[EXERCISE DETAILS] From the data below, retype exactly the lines starting with the one that contains "The 40mm rose" and ending with the one that contains "Holografické party čiapky", both included.

[Opening RECORDS section]

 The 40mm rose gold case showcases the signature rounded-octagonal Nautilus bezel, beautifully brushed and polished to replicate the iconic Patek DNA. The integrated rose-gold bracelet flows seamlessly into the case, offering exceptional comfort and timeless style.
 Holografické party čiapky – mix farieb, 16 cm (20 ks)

[Closing RECORDS section]
[Opening RECORDS section]

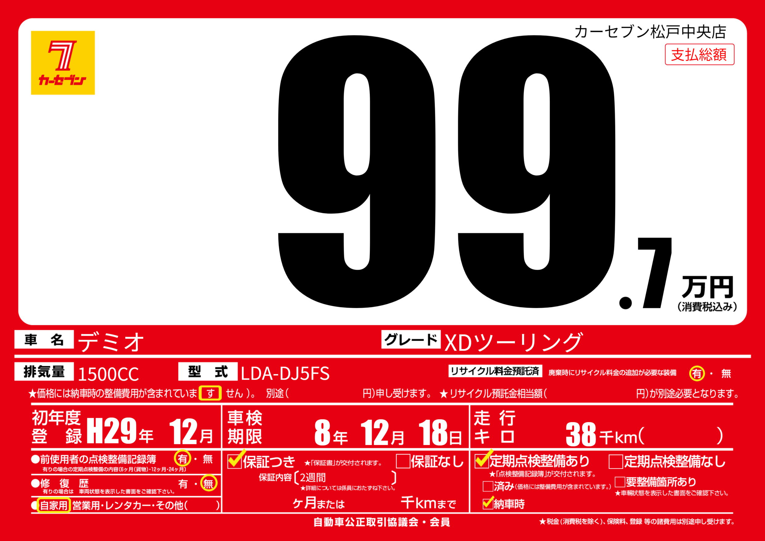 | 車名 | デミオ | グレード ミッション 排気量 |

[Closing RECORDS section]

[REPLY TO THE TASK]
 The 40mm rose gold case showcases the signature rounded-octagonal Nautilus bezel, beautifully brushed and polished to replicate the iconic Patek DNA. The integrated rose-gold bracelet flows seamlessly into the case, offering exceptional comfort and timeless style.
 Holografické party čiapky – mix farieb, 16 cm (20 ks)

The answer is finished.